0007. Reverse Integer¶

Table of Contents¶

1. Problem
2. Problem Breakdown
3. Approach 1: String Conversion
4. Approach 2: Mathematical Digit Pop (Optimal)
5. Complexity Comparison
6. Edge Cases
7. Common Mistakes
8. Related Problems
9. Visual Animation

Problem¶

Description¶

Given a signed 32-bit integer x, return x with its digits reversed. If reversing x causes the value to go outside the signed 32-bit integer range [-2^31, 2^31 - 1], return 0.

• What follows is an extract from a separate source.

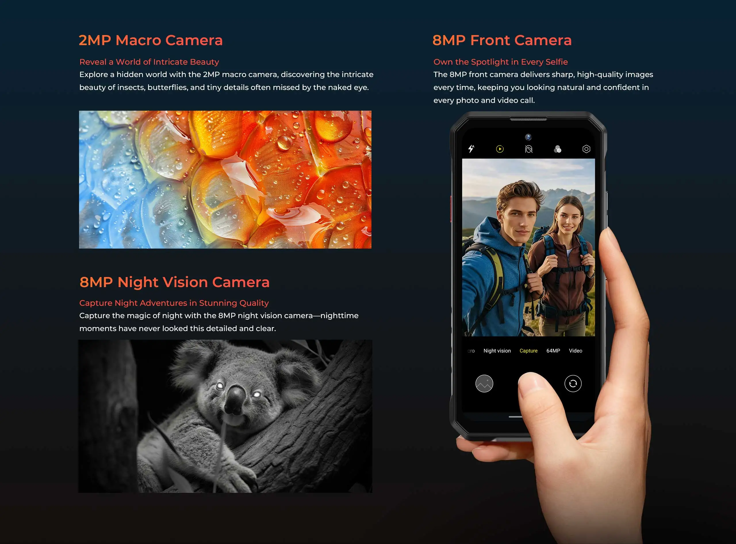 Oukitel WP58 Pro 8/512GB — це сучасний захищений смартфон, створений для роботи в екстремальних умовах. Корпус виконаний із комбінації металу, ударостійкого пластику та амортизуючої гуми, що забезпечує стійкість до падінь, ударів, тиску та механічних навантажень. Додатковий захист екрану забезпечує скло Gorilla Glass, яке захищає від подряпин і тріщин навіть при активному використанні. Смартфон отримав сертифікацію IP68, IP69K та MIL-STD-810H, що гарантує його повну водонепроникність, пилозахист і витривалість у діапазоні екстремальних температур. Oukitel WP58 Pro однаково впевнено поводиться на будівництві, у горах, під час експедицій та будь-яких умовах, де звичайні телефони просто не справляються. Модель оснащена великим 6,7-дюймовим IPS-дисплеєм із роздільною здатністю HD+ та високою щільністю пікселів 396 ppi, що забезпечує чітке та деталізоване зображення. Підтримка частоти оновлення 120 Гц робить взаємодію з інтерфейсом максимально плавною — анімації, прокрутка та ігрові сцени відтворюються без ривків. Завдяки якісній матриці з широкими кутами огляду екран залишається добре читабельним як у приміщенні, так і під сонячним світлом. Загартоване захисне скло підвищує стійкість до подряпин і сколів, що особливо важливо при роботі в польових умовах. Oukitel WP58 Pro побудований на восьмиядерному процесорі Unisoc T8200 з максимальною тактовою частотою 2,7 ГГц, який забезпечує швидку роботу інтерфейсу та впевнене виконання багатозадачних сценаріїв. Графічний прискорювач Mali-G57 MP4 підходить для сучасних мобільних ігор, картографічних сервісів, відео та вимогливих застосунків. Смартфон має 8 ГБ оперативної пам'яті з підтримкою технології віртуального розширення до 24 ГБ, що значно підвищує швидкість перемикання між задачами. Вбудоване сховище на 512 ГБ дозволяє зберігати велику кількість фото, відео та робочих файлів, а підтримка карти пам’яті обсягом до 2 ТБ перетворює телефон у повноцінне мобільне сховище. Основна камера смартфона має роздільну здатність 64 МП, що дозволяє отримувати яскраві та деталізовані знімки в будь-яких умовах освітлення. Додатковий датчик глибини 2 МП покращує портретні фото, забезпечуючи природне розмиття фону. Для нічної зйомки передбачена окрема 8 МП інфрачервона камера з двома IR-спалахами, яка здатна фіксувати деталі навіть у повній темряві — функція особливо корисна в походах, нічних патрулюваннях і польових роботах. Фронтальна камера на 50 МП забезпечує винятково високу якість селфі та відеозв’язку, точно передаючи відтінки шкіри та дрібні деталі обличчя. Усередині Oukitel WP58 Pro встановлений ємнісний акумулятор на 10 000 мА·год, який забезпечує кілька днів активної роботи без підзарядки. Це один із найкращих показників автономності у своєму класі. Смартфон підтримує: Таке поєднання робить WP58 Pro універсальним рішенням для тривалих поїздок, польових робіт та автономного проживання Oukitel WP58 Pro пропонує повний набір сучасних функцій: ОПЕРАЦІЙНА СИСТЕМА Операційна система — Android 15 КОРПУС Матеріал корпусу — Пластик, Полікарбонат, Гума підвищеної міцності та зносостійкості, Скло Стандарт захисту — IP68, IP69K, MIL-STD-810 Захист корпусу — Водозахист, Вологозахист, Пилозахищений, Ударостійкий ЗВ'ЯЗОК Стандарти зв'язку — GSM, 3G, 4G (LTE) Кількість SIM-карт — 2 SIM Формат SIM-карти — Nano-SIM Тип слота SIM-карт — SIM + Гібридний (SIM або MicroSD) ЕКРАН Діагональ екрану — 6.7" Тип екрану — I

Assume the environment does not allow you to store 64-bit integers (signed or unsigned).

Examples¶

Example 1:
Input:  x = 123
Output: 321

Example 2:
Input:  x = -123
Output: -321

Example 3:
Input:  x = 120
Output: 21

Constraints¶

• -2^31 <= x <= 2^31 - 1

Problem Breakdown¶

1. What is being asked?¶

Reverse the decimal digits of integer x and return the result as an integer. If the reversed value overflows a signed 32-bit integer, return 0 instead.

2. What is the input?¶

Important observations: - x can be negative — the minus sign stays in front, only digits are reversed. - x can end in zeros — trailing zeros become leading zeros after reversal and are dropped (e.g., 120 → 021 → 21). - The reversed value may overflow 32 bits — must detect and return 0.

3. What is the output?¶

• The integer with digits reversed, OR
• 0 if the reversed value is outside [-2^31, 2^31 - 1].

4. Constraints analysis¶

5. Step-by-step example analysis¶

Example 1: x = 123¶

123 → reverse digits → 321
321 is within [-2147483648, 2147483647] ✅
Output: 321

Example 2: x = -123¶

Sign is negative. Magnitude = 123 → reversed = 321
Apply sign back: -321
-321 is within range ✅
Output: -321

Example 3: x = 120¶

120 → digits: 1, 2, 0
Reversed order: 0, 2, 1 → "021" → drops leading zero → 21
Output: 21

Overflow example: x = 1534236469¶

Reversed digits: 9646324351
2^31 - 1 = 2147483647
9646324351 > 2147483647 → overflow!
Output: 0

6. Key Observations¶

1. Digit extraction — digit = x % 10 gives the last digit; x /= 10 removes it. Repeat until x == 0.
2. Sign handling — In Go/Java, % preserves sign (-123 % 10 = -3). In Python, % always returns non-negative, so handle sign separately.
3. Overflow detection — Before pushing a new digit: check if rev > INT_MAX / 10 (would overflow on multiplication), or rev == INT_MAX / 10 and the digit exceeds the last digit of INT_MAX (7 for positive, -8 for negative).
4. Trailing zeros disappear — Because rev starts at 0 and we multiply, leading zeros in the reversed string simply never get pushed.

7. Pattern identification¶

Chosen pattern: Mathematical Digit Pop (Approach 2) — satisfies the no-64-bit constraint and is O(1) space.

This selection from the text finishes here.